Wednesday, May 7, 2025

Cirith Ungol - One Foot in Hell (1986)

One Foot in Hell was the first Cirith Ungol record I picked up on cassette, smitten after repeated exposures to the opening track "Blood and Iron" on Best of Metal Blade Volume 2, which I played so much that I infuriated all my family and another family that were camping together in New Hampshire over the summers. While that might be my go-to anthem among the band's catalogue, I was satisfied to find that the rest of the album is nearly on par, and for me the most evocative in terms of the dark fantasy/sword & sorcery that influenced the Californians both lyrically and sonically.

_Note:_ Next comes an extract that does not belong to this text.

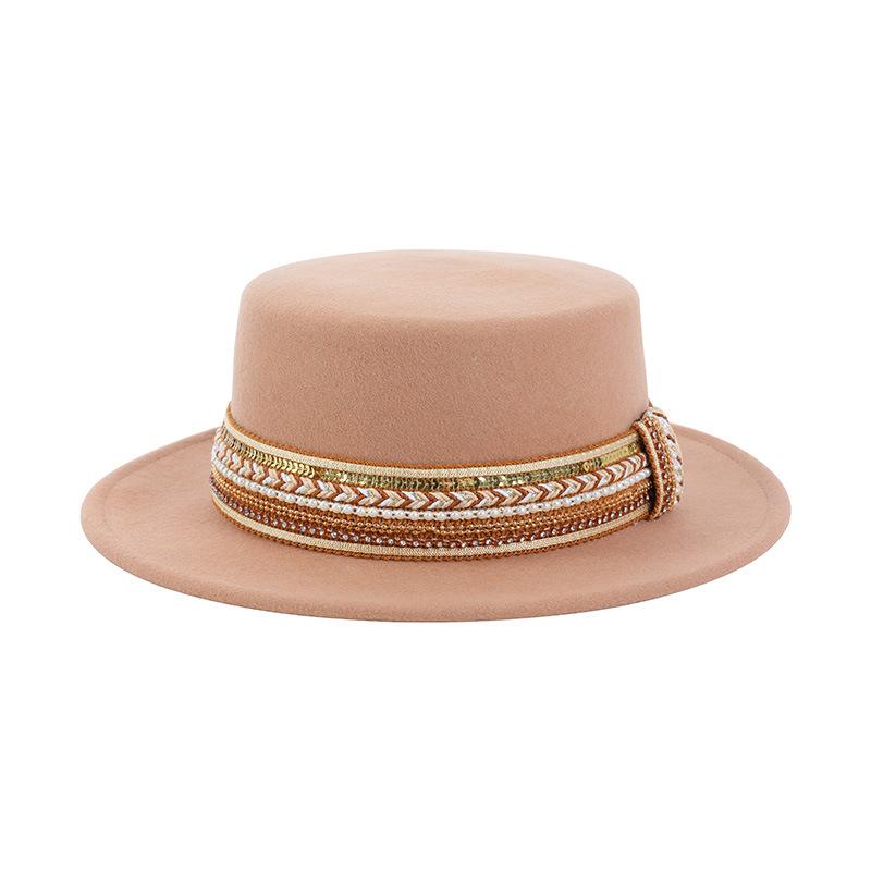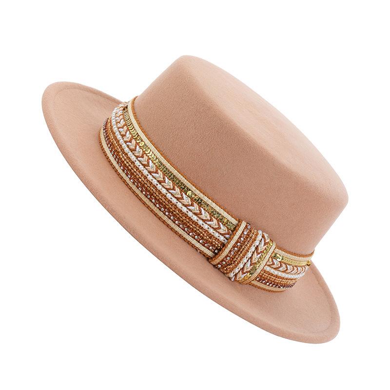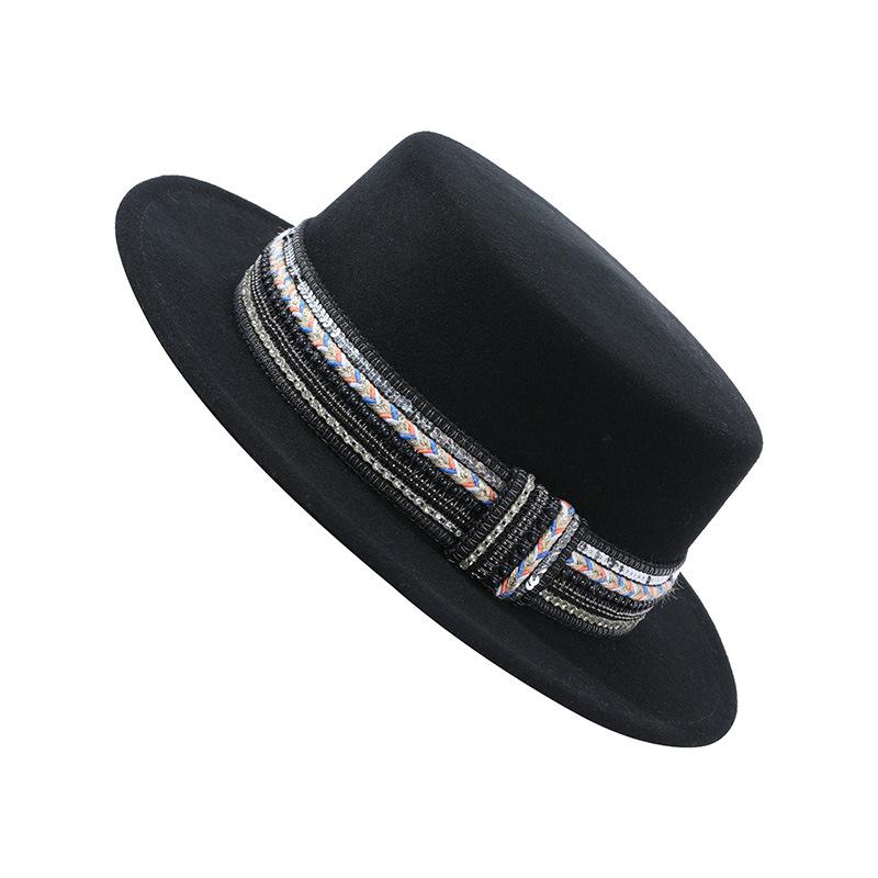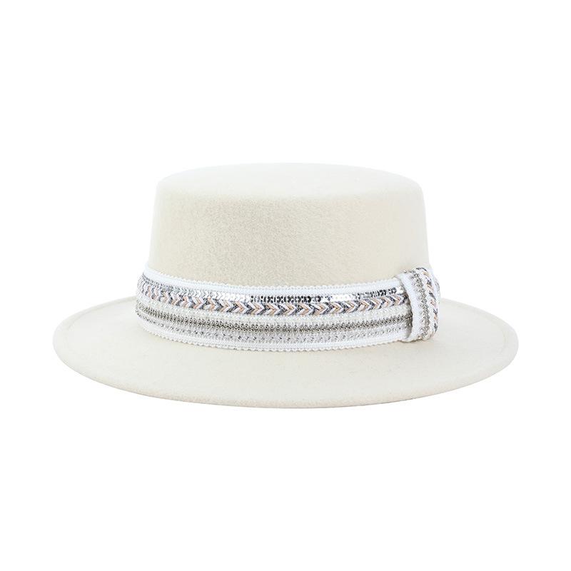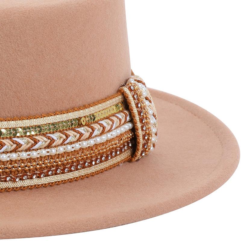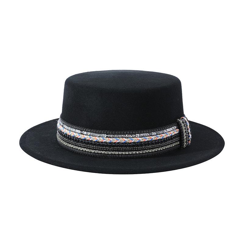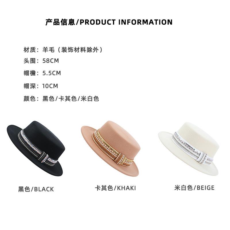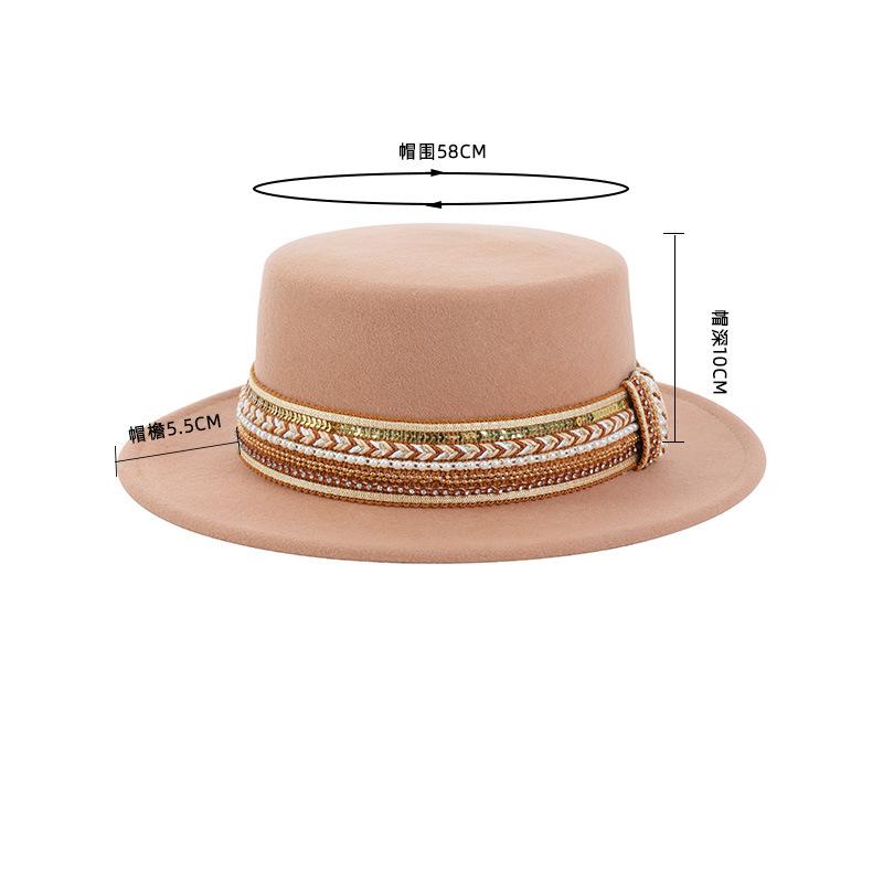 Sombrero plano de lana de estilo británico para otoño e invierno, sombrero de jazz de ala grande, cálido y protector solar, para mujer, estilo europeo y americano.

They basically took everything great from the earlier album and covered it with a suit of iron, occasionally flecked with some rusty spikes to poison the blood of the impaled.

While other bands were ratcheting up the technically and extremity, Cirith Ungol were sticking to their formula and just making it more consistent and engaging. I mean, this album dropped in a year that also produced Master of Puppets and Reign in Blood, two discs that have done lengthy (and often competing) rotations as my metal GOATS, which make for quite a contrast against this simpler sound. This band was already becoming an anachronism by the mid 80s, but that's exactly what makes One Foot in Hell so damn cool, the stark and straightforward blend of riffs and atmosphere. I do actually think this one is less varied than its two predecessors, but the production feels a little more '80s' in line with a lot of the band's Metal Blade peers, there's more of a reverb and resonance coming out of the speakers that it exchanges for the jam room feels of its older siblings, and this works in tandem for the soaring, brooding chorus parts as in "Nadsokor". The whole album here feels like it was written and performed by orcs as they beat their siege machines together and prepare to roll across the realms, stamping out the civilizations of man, elf and dwarf...

...and for a 12 year old, that was MIGHTY FUCKING AWESOME. And still is! Whether because such an idea is timeless, or because I never stopped being 12, that's a conversation we can have another time, but judging by the band's continued popularity and the fact that the following three records they would produce over the 30+ years after this one, seem more like attempts to revisit this magic than that of the first two records. So I am not alone. Now, having heaped such praise upon this one, I can't quite say it's perfect, there's a little bit of goofiness here with the obvious party track "100 M.P.H.", which is fun in its outright, but sounds like they're trying to create their own "Ballroom Blitz", still keeping it well within the realm of the heavy metal lyrics, but had this one been replaced by another more serious piece like all its neighbors, the album would be even better than it is. Just saying. At least the lead at the end is really slick.

Otherwise, this is everything you want. Tim Baker's harrowing vocals launch over the mix like a stone heaved over some poor castle's wall by a trebuchet, especially in the doomiest tunes like "Chaos Descends" or "Doomed Planet", where the voice is such a weapon against the slower churn of the guitars. The rhythm guitar tone has a lot more 80s steel to it than the 70s-cloaked earlier albums, and I also think the lead guitar blends in better where it often seemed to bleed a little on the debut. There is a bit of passivity to the drums, if only because they are just crushed by the awesome weight of the riffs and vocals, but in a way that works in its favor, and I'd say the same for the bass...it doesn't have that pop to it like it did on the first two, but it definitely bulks up enough to enforce the rhythms, and I think that approach just worked better for this material.

One Foot in Hell is a bonafide American metal classic that deserves to be placed on the same pedestal as classics from Manowar or Twisted Sister, and to this day remains my favorite of the whole Cirith Ungol canon. It has one track that doesn't live up to the rest for me, sure, and it got absolutely buried the year it came out by so many other amazing releases, but it's totally timeless, sounding just as potent now as it did when I was hitting puberty. I think the band really hit the level they wanted musically, and where they would remain barring slight tweaks to production and aggression. A nice "Waaagh!" we could stick in the faces of our poseur friends and siblings who listened to Poison and Bon Jovi.